An inevitable part of your pregnancy will be weight gain. Of course, you might wonder just how much weight is appropriate for you to gain. It all depends on your pre-pregnancy size and how many babies you’re carrying.

Standard guidelines use body mass index (BMI) to determine how much weight you should gain. The Institute of Medicine updated its recommendations on maternal weight gain during pregnancy, increasing them from previous guidelines. See the table below for the current recommended weight-gain guidelines:

Pre-pregnancy weight Recommended weight gain
Underweight BMI less than 19.8 28–40 pounds
Normal weight BMI of 19.8 to 25 25–35 pounds
Twins 35–45 pounds, regardless of pre-pregnancy weight
Overweight BMI above 25 15–25 pounds

If women don’t gain weight enough during the 9 months their baby is growing, there’s a greater risk of low birth weight.

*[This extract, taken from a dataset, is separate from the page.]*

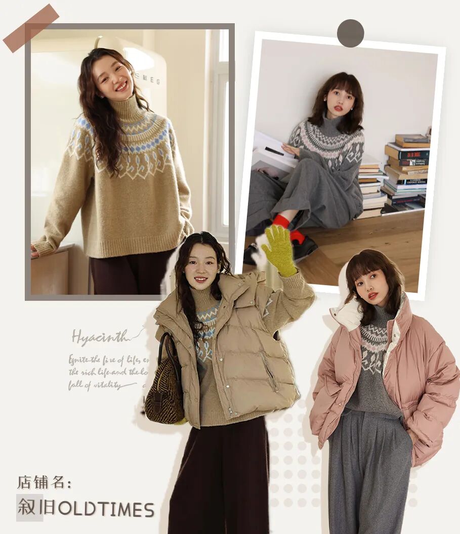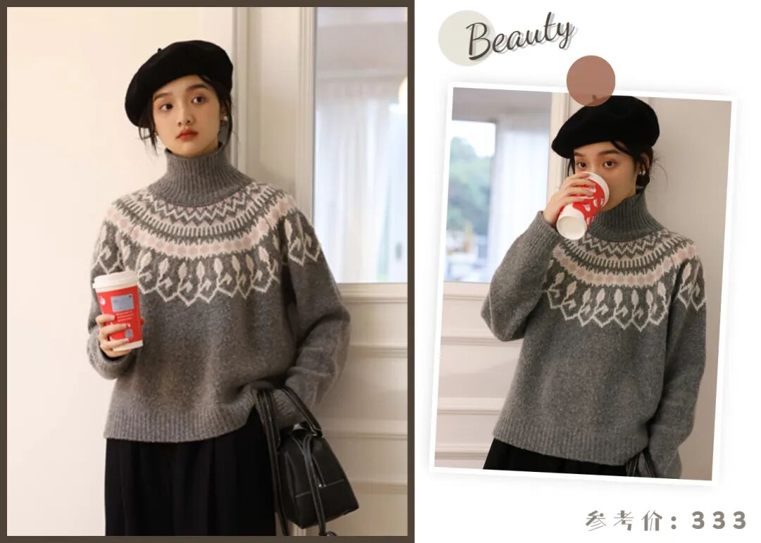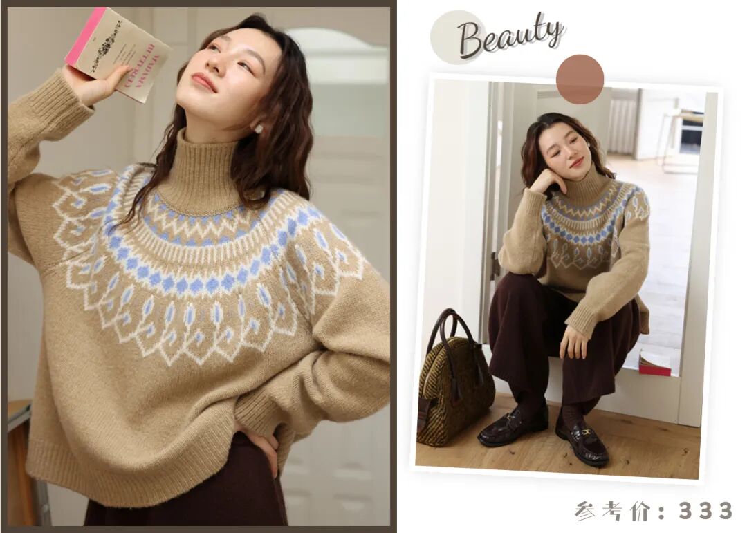 先选择一件复古高领毛衣当作打底吧,撞色提花图案,自带复古滤镜,小众不撞款,满满的秋冬氛围感。

This means you should consume about 300 more calories per day than you did before you became pregnant.

When you’re pregnant, everything you do either contributes to you and your baby’s health. Mothers who eat an unhealthy diet during pregnancy may be putting their children at risk of developing long term health issues.

Higher intakes of protein and micronutrients are also required to support fetal development and milk production. An additional 25 g (EAR=21 g) of protein per day is recommended for pregnant and lactating adolescents

Keep record of your weight pre-conception so your doctor can more accurately pinpoint your target weight gain. You should definitely meet the minimum weight gain suggested.

Here is a few tips to keep you and your baby healthy
- Try to eat a variety of foods to get all the nutrients you need
- Make sure you are getting enough vitamins and minerals while pregnant
- Limit the caffeine you get each day to 200 milligrams
- Get 1000-1300 mg of calcium in your daily foods
- Avoid unpasteurized milk and any foods made from it
- Avoid Herbal supplements
- Fish oil supplements instead of fish. Most commercially available fish oil supplements have been tested for heavy metals such as mercury.

Some experts think that pregnant women should try to avoid excess weight gain as much as possible. So if your BMI is at or above 30, talk to your doctor before starting a diet during your pregnancy.